Initially, when Miliband had pledged to speak at the Durham Miners' 'Big Meeting', it was hailed as evidence of Miliband's determination to rebuild links with Labour's traditional working class supporters. However, Miliband's haughty indifference for workers has been further highlighted by his message to unions to call off the 30 June public sector strike.
At a local UCU pre-strike rally Kevin McHugh, national executive member of the PCS civil service union, derided Miliband for pulling out of the Gala. Members of the UCU lecturers' union are also unhappy about Miliband's attack on their strike action. This led to local Labour MPs, Ian Mearns and Dave Anderson, trying to distance themselves from their own national leadership.
This year's Durham Miners' Gala comes at a time when there is desperate need for a strong workers' party to lead the attack against this rotten Con-Dem government. According to the Financial Times (FT) the north-east is "the English region most vulnerable to cuts in public sector jobs and spending".
The Con-Dem government are spinning the yarn that the private sector will take up the slack of public sector job losses.
However, the FT report goes on to say that the region's private sector will also be badly hit. Research indicates that an estimated 30,000 public sector job losses in the north-east will trigger the loss of a further 20,000 private sector jobs.

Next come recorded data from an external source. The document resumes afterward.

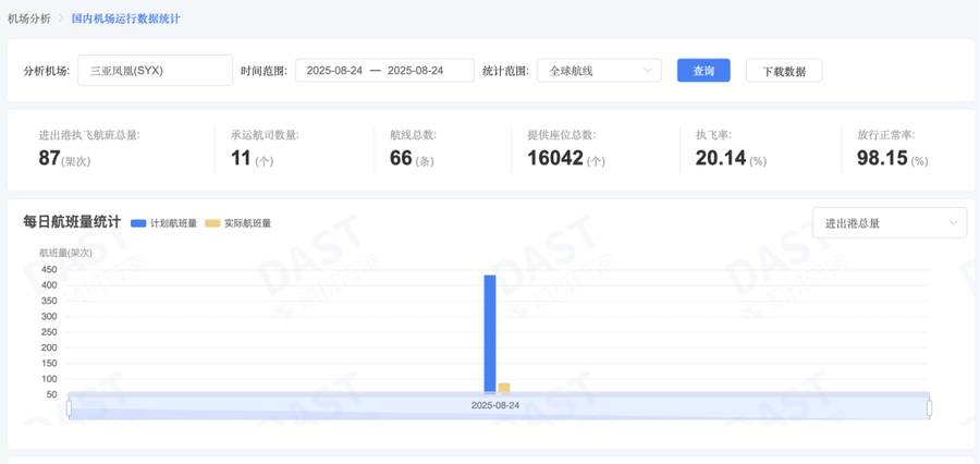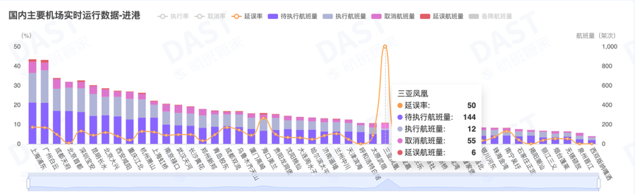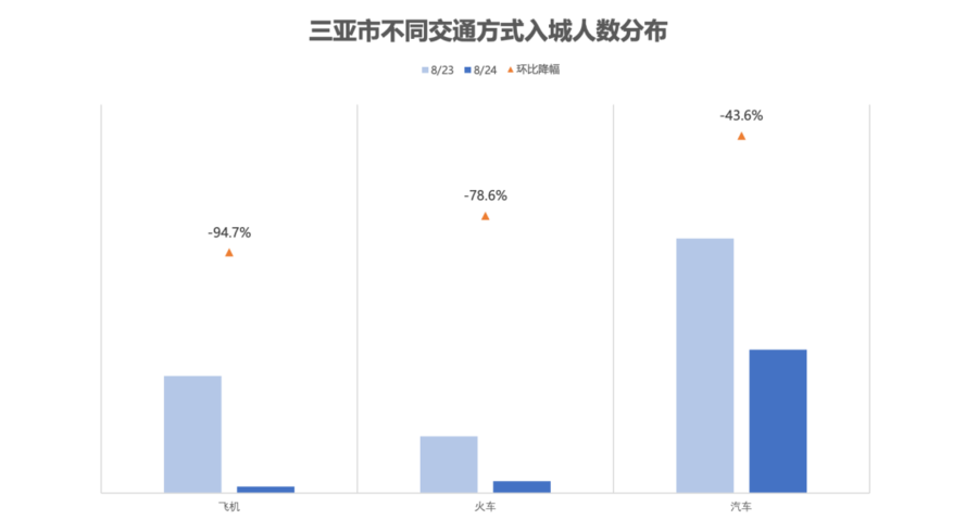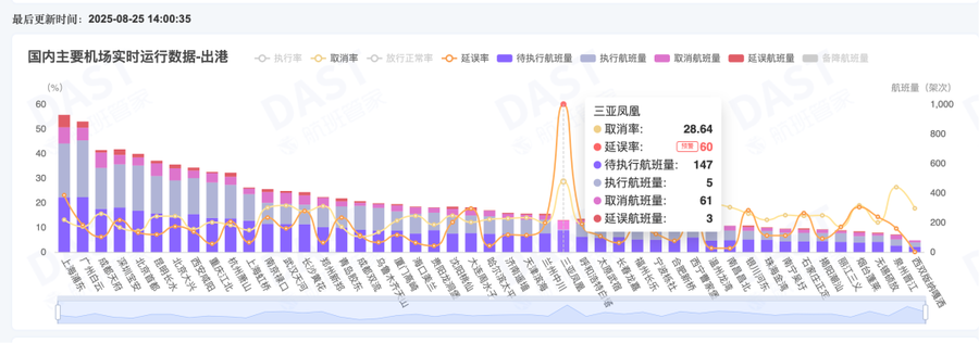 截至8月25日14:00,三亚凤凰机场进港航班量12班次,待执行进港航班量144班次,取消航班量55班次。此前,为全力应对今年第13号台风“剑鱼”,海南控股旗下三亚凤凰国际机场(以下简称“三亚机场”)在民航三亚监管局的指导下,协同空管单位、各航空公司综合研判后决定:2025年8月24日10时起暂停航班起降,后续航班取消。根据航班管家DAST平台,8月24日三亚凤凰机场进出港执飞航班量87架次,执飞率为20.1%从立体交通来看,受台风天气影响,8月24日民航入城人数环比下降94.7%,火车入城人数下降78.6%,汽车入城人数下降43.6%,总体入城人数下降62.2%飞机一直为进入三亚的重要方式,以8月为例,通过飞机进入三亚的人数占比25.0%。
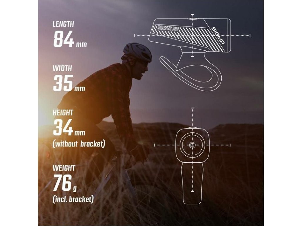 Nejmenší a nejlehčí výkonné světlo od značky Sigma váží pouhých 76 gramů. Se světelným výkonem 150 lumenů a v mimořádně kompaktním designu je světlo Buster 150 univerzálním společníkem na cesty. Dosvit až 74 metrů zajistí, že cesty i silnice budou dostatečně osvětlené. Buster 150 nabízí pět různých světelných režimů, které lze pohodlně volit pomocí přednastavených profilů. Podle potřeby si jednoduše vyberete vhodný profil a pak pouze přepínáte mezi světelnými režimy, který v aktuálním okamžiku skutečně potřebujete. Světlo je napájeno Li-Ion baterií, která zaručuje svícení až po dobu 25 hodin.
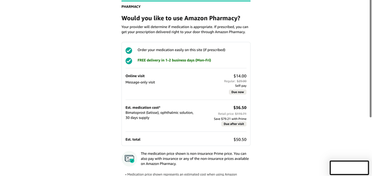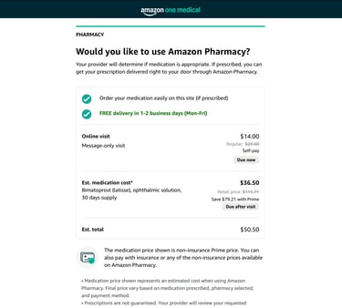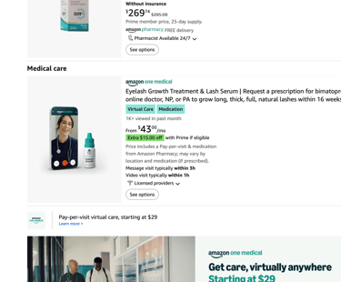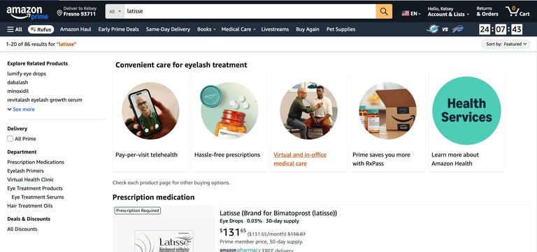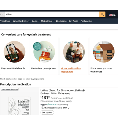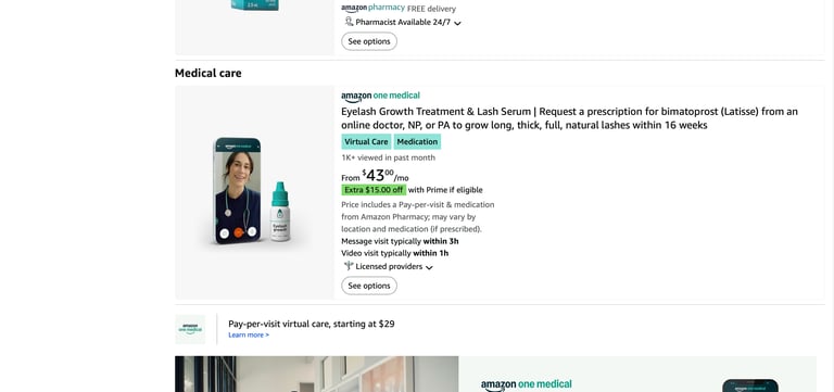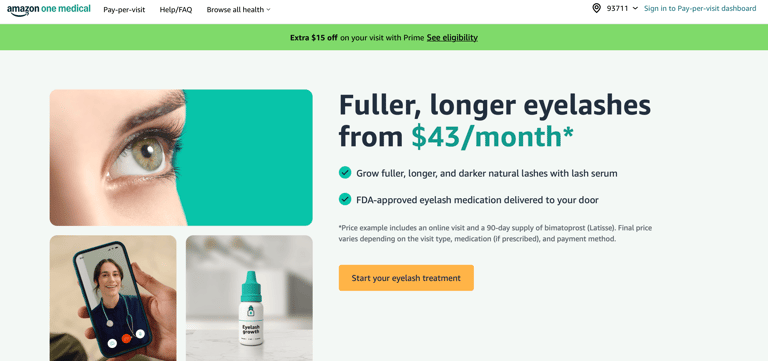 Here’s where things get exciting: Amazon has made getting Latisse easier than ever through Amazon One Medical. Instead of booking a traditional doctor’s appointment, you can complete a quick online visit for only $14, and then get a 30-day supply of Latisse for just $36. That means you can skip the hassle, save money, and start your lash growth journey right away.
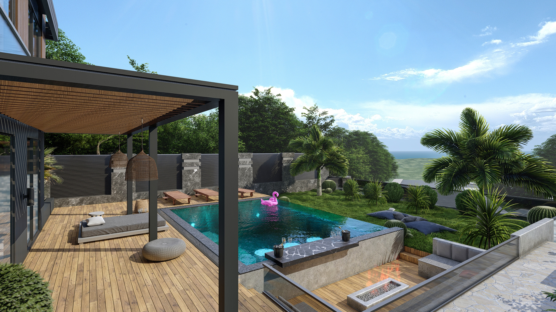 Terasın önünde yüzme havuzu ve ateş çukuru olan bir oturma alanı planlandı.
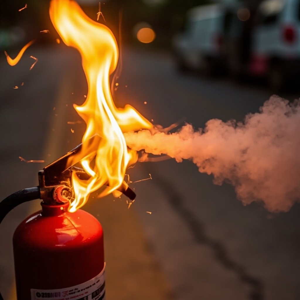 Fire Extinguisher Putting Out Small Fire from Distance
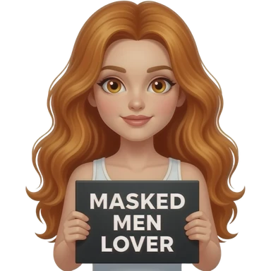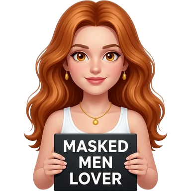 sexy girl with long wavy ginger hair and ginger eyes wearing a white tanktop is holding a black colored sign with MASKED MEN LOVER written on it emoji
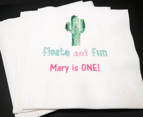 Cactus First Fiesta Fiesta and Fun Girl Birthday Personalized Cocktail, Luncheon or Dinner Napkins Set of 25
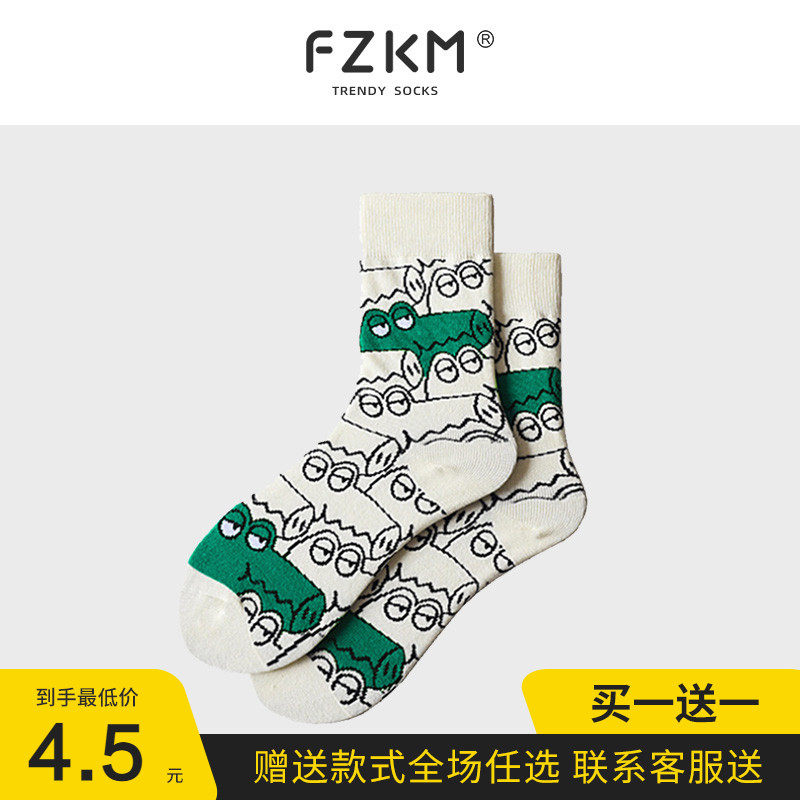 卡通绿色鳄鱼可爱动物韩版学院风百搭滑板袜男女中筒袜子热门设计联盟服务商
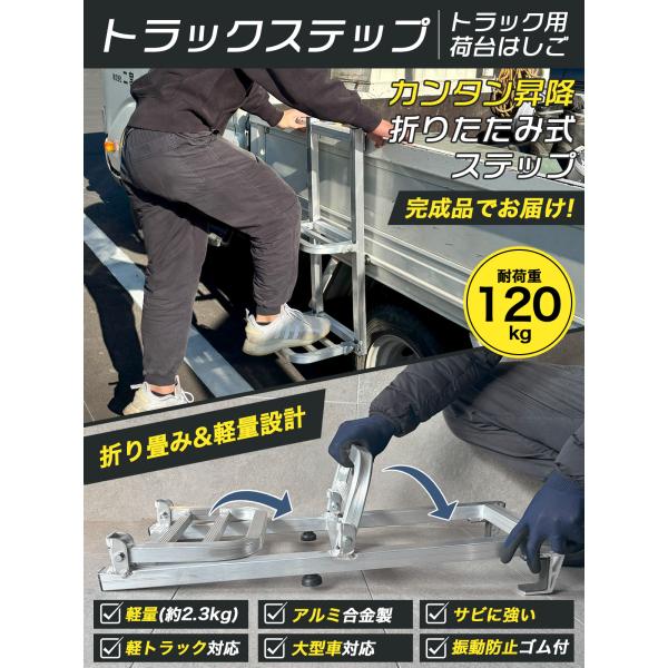 【高耐久アルミ製】トラック昇降ステップは耐荷重120kgで、頑丈なアルミ素材を採用し強度が高く安定した使用が可能。
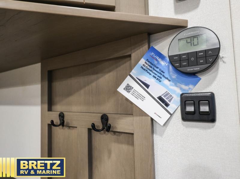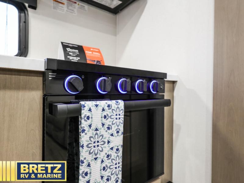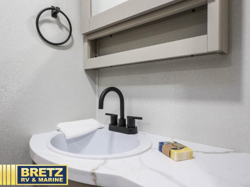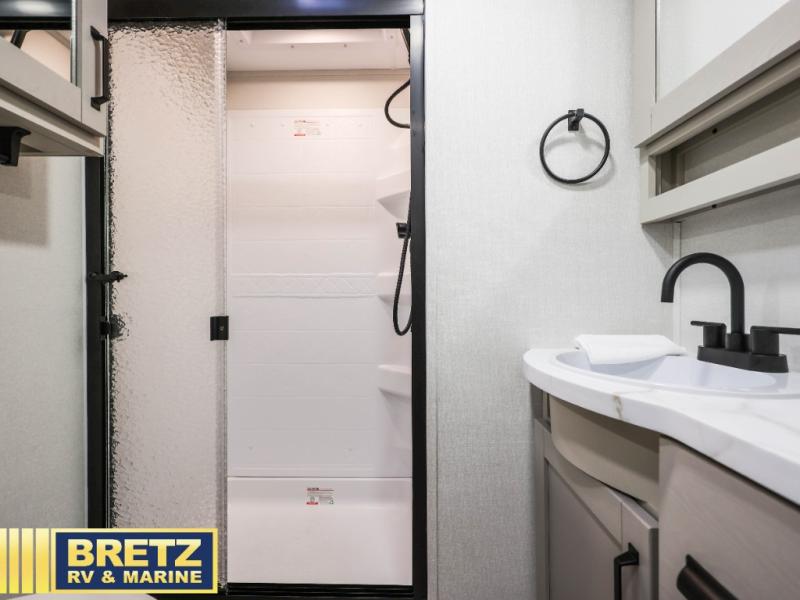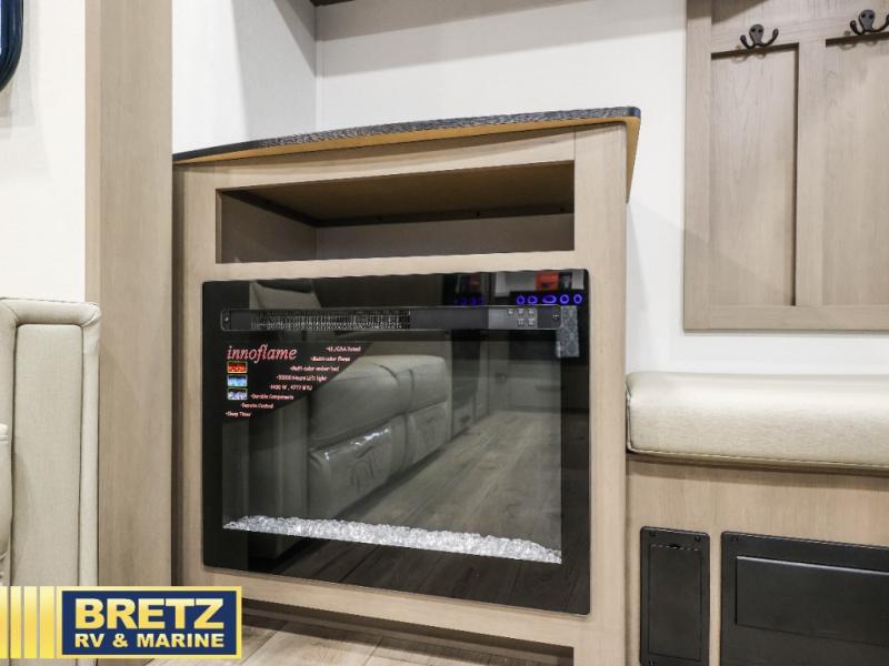 At the front of this fifth wheel, a private bedroom offers a walk-around 60" x 80" queen bed for restful comfort, complemented by dual wardrobes for convenient clothing storage. Down the hall, the full bathroom includes a 30" x 36" residential walk-in shower, a large, mirrored medicine cabinet, and linen storage for towels and toiletries. The middle living area features a cozy fireplace and booth dinette with a TV above perfect for dining while enjoying your favorite shows. Opposite, a slide-out holds the 62" theater seating for relaxing after a day of adventure, alongside a 10-cu. ft. refrigerator and pantry for all your groceries and dry goods. At the rear, an L-shaped kitchen provides generous counter space, a deep-seated stainless-steel sink, and a 30" microwave, allowing you to prepare meals comfortably without relying on campground facilities.
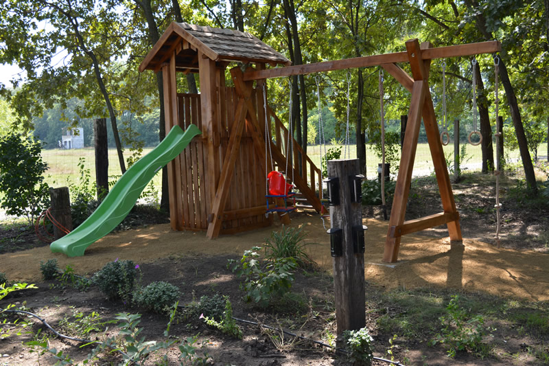 A ház előtt fedett és nyitott teraszok vannak kialakítva, ezektől pár méterre található a grillezésre, bográcsozásra alkalmas tűzhely. Az árnyas, napos, öntözött pázsitos, parkosított, virágos kertben fedett hintaágy. A kerttel határos tölgy-szíl erdő friss lehelete mindig jó levegőt biztosít az itt pihenők számára. A ház közvetlen környezetében elterülő ősgyepen nagy sétákat lehet tenni, gyönyörködni a közelben legelő juhnyájban. Az udvarban 4 autó parkolhat.

We are already seeing workers' lives in the private sector being turned upside down as they are thrown into unemployment. In Birtley 126 workers, almost two fifths of the workforce, have been 'shafted' by AEI Cables. The company entered a Company Voluntary Arrangement, which has left the sacked workers with no redundancy payments.
As the sustained attack on both public and private sector workers heats up an increasing number of workers are looking for an alternative.
At this year's Durham Miners' Gala, alongside listening to the brass bands, and participating in the carnival atmosphere of the event, tens of thousands will also come to hear Bob Crow putting forward a fighting alternative to this rotten government's austerity programme.